During a fireside chat at Wired25 with Wired Deputy Editor Adam Rogers, Salesforce Chairman and co-CEO Marc Benioff discussed fighting homelessness in San Francisco and other social issues. “We have about 7,500 homeless individuals in San Francisco on our streets,” he said. “And we have about 1,200 homeless families. I’m excited about the November 6 election. There is a proposition on the ballot that would help address our most urgent needs, which are not only providing shelter for our homeless but also healthcare and mental health care.”

Benioff has recently expressed support for Proposition C, the ballot measure that would raise taxes by half a percent on big businesses in San Francisco to fund programs aimed at fighting homelessness. Salesforce is the largest employer in San Francisco.

He noted that San Francisco has 70 billionaires who could contribute more to working on social problems in partnership with local governments. “There's a group of people in the city who are willing to give. And there's a group of people in the city who don't,” he said.

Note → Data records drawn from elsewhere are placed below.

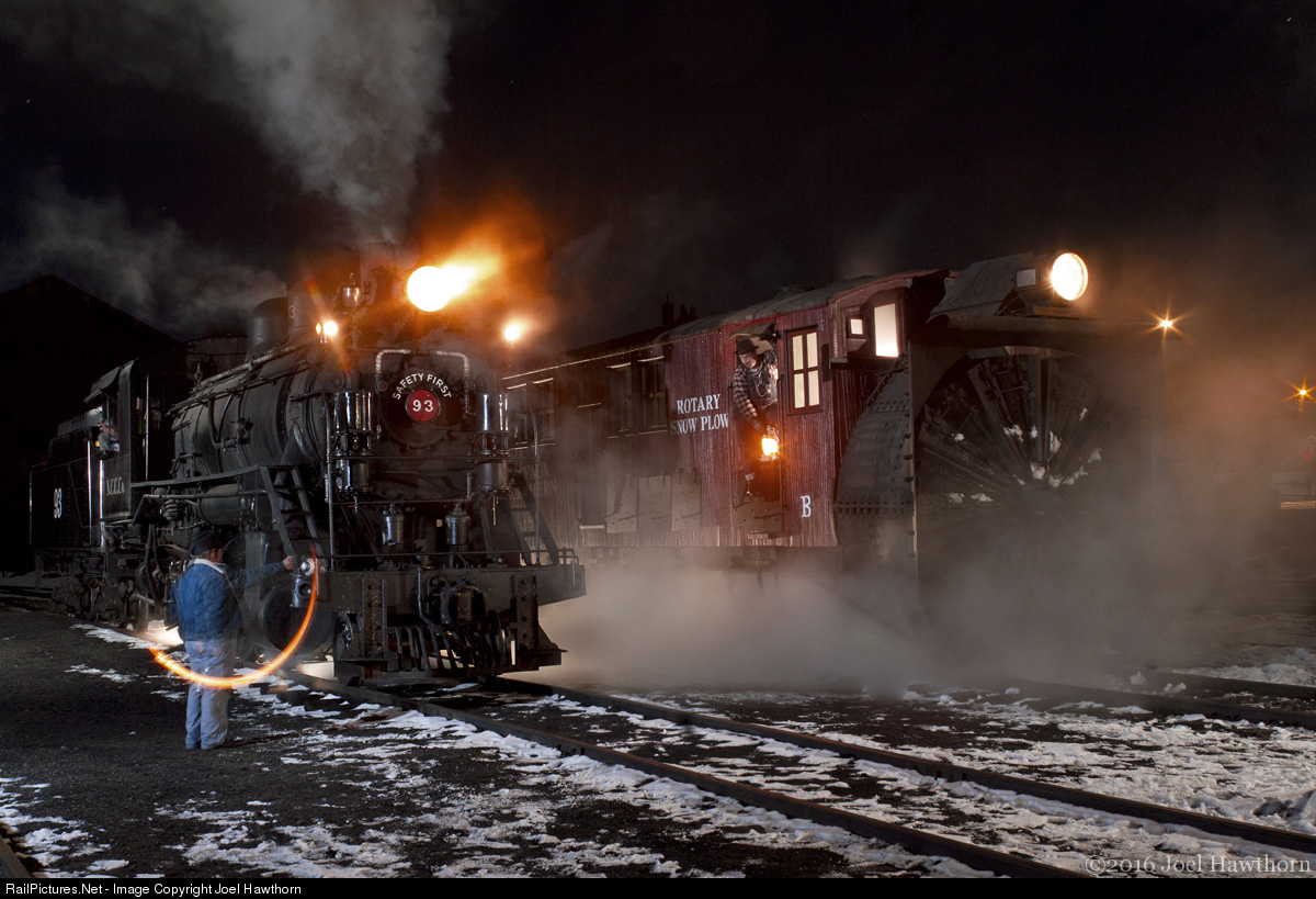 On Friday night our group of photographers were treated to a stationary display of the #93 and snowplow staged side by side near the engine house while Mr. Steve Crise supplied an array of his strategically placed flash and strobe devices. All of us then took extended exposures while a few of the railroaders posed very still, well except for the fellow swinging his signal lantern. (Winter Steam Spectacular 2016)
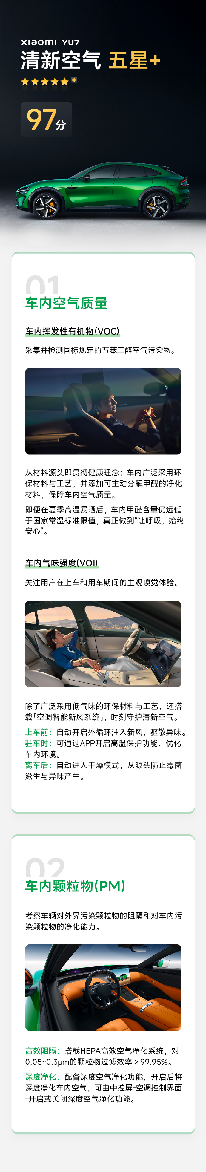小米又拿奖了?小米YU7获得获五星健康车认证看了一下,这个奖项主要是从三个维度评判的——清新空气、健康防护、绿色出行而小米YU7,无论从哪个维度上看,都拿下了最高评级展开来说比如这个清新空气,它就看你的车内空气质量和车内颗粒物,尤其是现在冬季雾霾有点强,但YU7配的HEPA高效滤芯,那它的对于整个车内空间空气的净化能力,也确实实打实的有效,而且只要你看过YU7的拆车视频,就知道这个大的离谱,然后是健康防护,小米的内饰大面积用的是婴幼儿级的环保材料,像空调滤芯,冰箱这些设备,也充分考虑了抗菌防霉的需求,车内电磁辐射更是做到了手机相当的水平绿色出行就不用我多吹了吧,小米的续航表现那是在各个媒体的实测上都榜上有名的,能耗控制强的离谱我最直观的感受就是,哪怕我开车出去停在户外,经过太阳暴晒,车里也没什么异味,而且我有两个小孩,经常到家之后还不愿意下车,在车上到处摸,到处爬,我就很放心无论是显性的配置,还是隐性的材料,小米都给用户拉满了,我现在倒是很期待,YU7都发了大半年了,还能挖掘出什么惊喜,真就是时间越久,越证明这个车的含金量
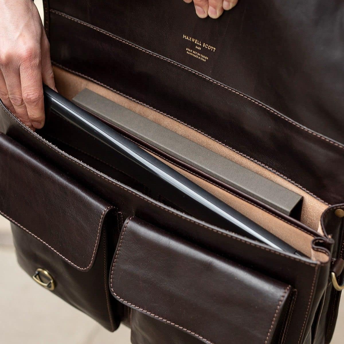 Maxwell Scott | Personalized Mens Luxury Leather 17” Laptop Briefcase Satchel | The Loreto Large | Travel Bag
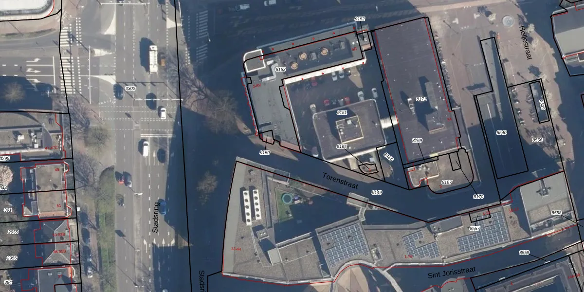 Het perceel waarop Stadsring 8-M staat heeft een oppervlakte van 625 m². Dit is een groot perceel. De perceeloppervlakte wordt geregistreerd door het Kadaster. Gedetailleerde informatie over de maten van dit perceel kunt u vinden in het rapport Kadastrale kaart met maatvoering van Stadsring 8-M.
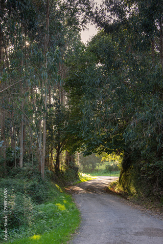 © Arantxa Forcada, Fototapeta premium Road view with trees, eucalyptus and chestnut trees at sunset in vertical
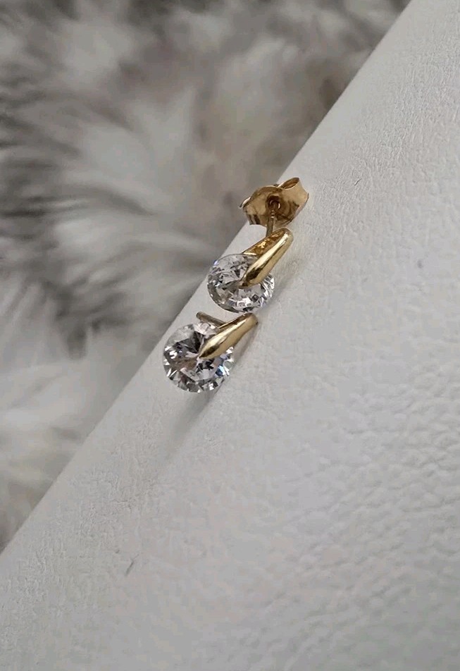 14k Yellow gold Round cz stone stud Small Earrings Adult Or Child
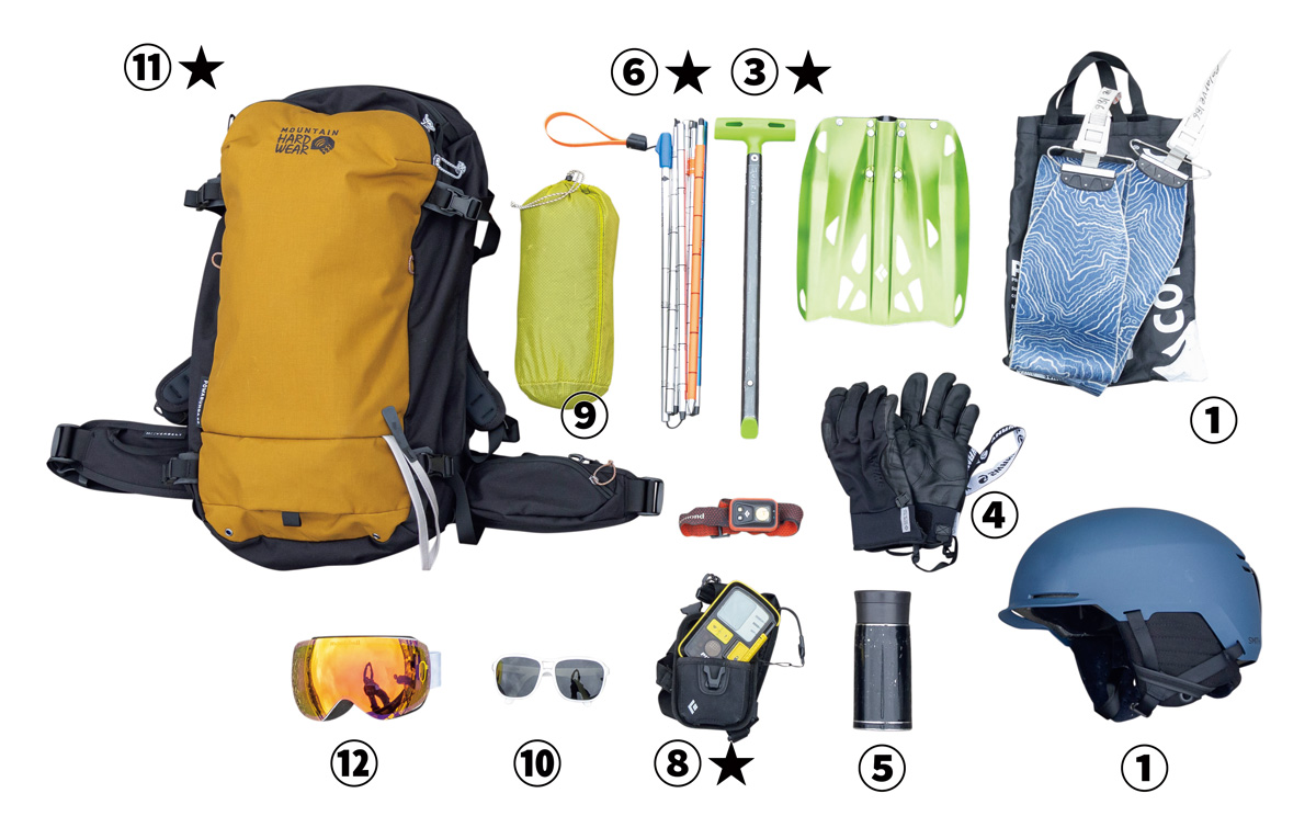 ①クライミングスキン(シール)。②ヘルメット。③ショベル:硬い雪も掘ることができる金属製を推奨。④滑走用グローブ:予備も持つこと。⑤保温ボトル:別途飲み水も必要。⑥プローブ:3m前後のもの。⑦ヘッドランプ:万一の日没後の行動やビバークに備える。⑧アバランチビーコン。⑨ダウンなどの防寒具:休憩時だけでなく、滑走時の視界回復待ちにも必須。⑩サングラス:偏光や調光機能のほかUVカット機能も必須。⑪バックパック:1Dayツアー参加の場合は25 ~ 30ℓほど。⑫ゴーグル:地形が判断しやすい偏光やハイコントラストタイプを。予備もかならず持つ

"San Francisco is amazing,” he added. “We have these incredible companies and entrepreneurs, innovation and technology, but we cannot separate ourselves from others. We have to get back to the feeling that we are one, and we are responsible for the city that we are living in and growing our businesses in."

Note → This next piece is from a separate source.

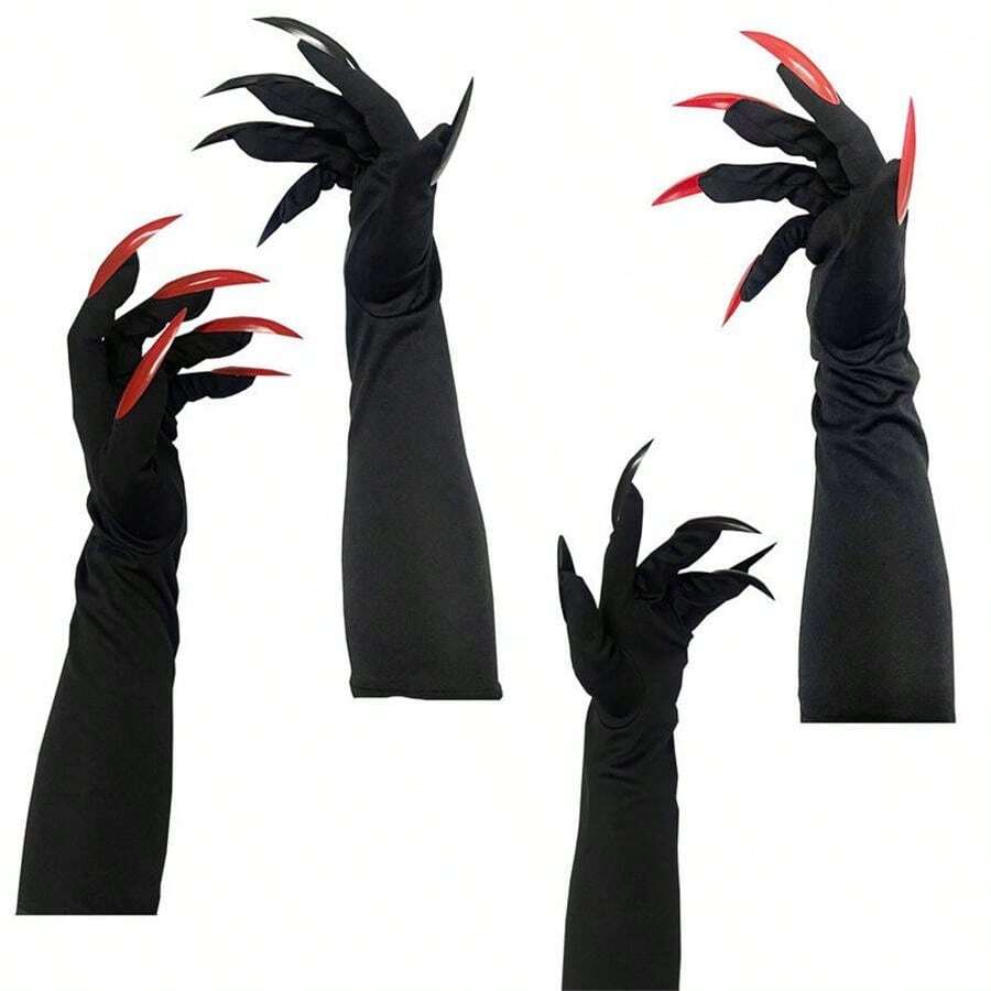 Kostüm-Handschuhe Mit Langen Krallen - Halloween & Cosplay Accessoire In Schwarz, Rot, Silber
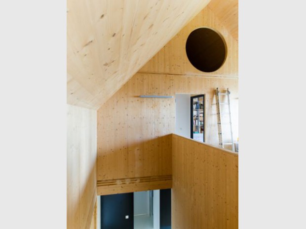 Milena Karanesheva a fait le choix d'ouvrir les combles sur le premier étage. Seuls deux petites ouvertures (à droite sur la photo), de part et d'autre de la pièce centrale, accessibles grâce à une échelle, permettent de se rendre sous les combles. "Pour que les enfants s'amusent, nous leur avons créé une salle de jeux un peu originale, et en cas de besoin, cet endroit nous sert de chambre d'amis", précise Éric.

Public schools are in need of attention, and it’s everyone’s responsibility to bring our kids with us, Benioff noted. He added that CEOs and people everywhere should get involved with efforts to improve the environment, hospitals and more. “Each one of us can walk down the street and go to our local public school,” he said. “That’s what I did, and I realized that public education won’t improve without me getting involved. We’re about to enter the Fourth Industrial Revolution. If kids don’t have basic K-12 educations, they’re not going to be coming with us. Are we not going to bring all these kids with us?”

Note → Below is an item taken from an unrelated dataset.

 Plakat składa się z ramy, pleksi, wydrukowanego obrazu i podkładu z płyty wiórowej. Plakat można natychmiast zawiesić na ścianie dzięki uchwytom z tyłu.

Salesforce has donated $50 million to public schools in San Francisco and Oakland, and employees have spent hundreds of thousands of hours volunteering in schools in their local communities.

“When I went to business school,” Benioff said, “it was all about shareholders and maximizing share value. But what you have to think about today is managing for all of your stakeholders, including customers, employees, partners and shareholders. Some of our key stakeholders include the homeless, who are everywhere over at Salesforce Tower. What about our public schools? You can’t separate yourself from these stakeholders, and the greatest joy in your life is going to come from giving back to others,” Benioff added.

"You’re either for the homeless and for the kids and for the hospitals or you are for yourself," he concluded.